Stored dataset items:
--------
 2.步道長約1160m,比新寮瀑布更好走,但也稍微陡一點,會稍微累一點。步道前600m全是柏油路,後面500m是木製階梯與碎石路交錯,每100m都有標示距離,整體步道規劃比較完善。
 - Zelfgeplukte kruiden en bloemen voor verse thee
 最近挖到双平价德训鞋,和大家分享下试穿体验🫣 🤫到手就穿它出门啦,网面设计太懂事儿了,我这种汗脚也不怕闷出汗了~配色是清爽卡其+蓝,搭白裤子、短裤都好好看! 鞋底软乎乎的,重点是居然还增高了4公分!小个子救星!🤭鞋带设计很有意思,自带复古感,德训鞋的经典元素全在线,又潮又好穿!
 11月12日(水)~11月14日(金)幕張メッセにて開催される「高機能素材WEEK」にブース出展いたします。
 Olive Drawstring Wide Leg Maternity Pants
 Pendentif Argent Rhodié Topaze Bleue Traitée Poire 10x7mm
--------
What is required: Give all of the entries again, exactly.

Task result:
 2.步道長約1160m,比新寮瀑布更好走,但也稍微陡一點,會稍微累一點。步道前600m全是柏油路,後面500m是木製階梯與碎石路交錯,每100m都有標示距離,整體步道規劃比較完善。
 - Zelfgeplukte kruiden en bloemen voor verse thee
 最近挖到双平价德训鞋,和大家分享下试穿体验🫣 🤫到手就穿它出门啦,网面设计太懂事儿了,我这种汗脚也不怕闷出汗了~配色是清爽卡其+蓝,搭白裤子、短裤都好好看! 鞋底软乎乎的,重点是居然还增高了4公分!小个子救星!🤭鞋带设计很有意思,自带复古感,德训鞋的经典元素全在线,又潮又好穿!
 11月12日(水)~11月14日(金)幕張メッセにて開催される「高機能素材WEEK」にブース出展いたします。
 Olive Drawstring Wide Leg Maternity Pants
 Pendentif Argent Rhodié Topaze Bleue Traitée Poire 10x7mm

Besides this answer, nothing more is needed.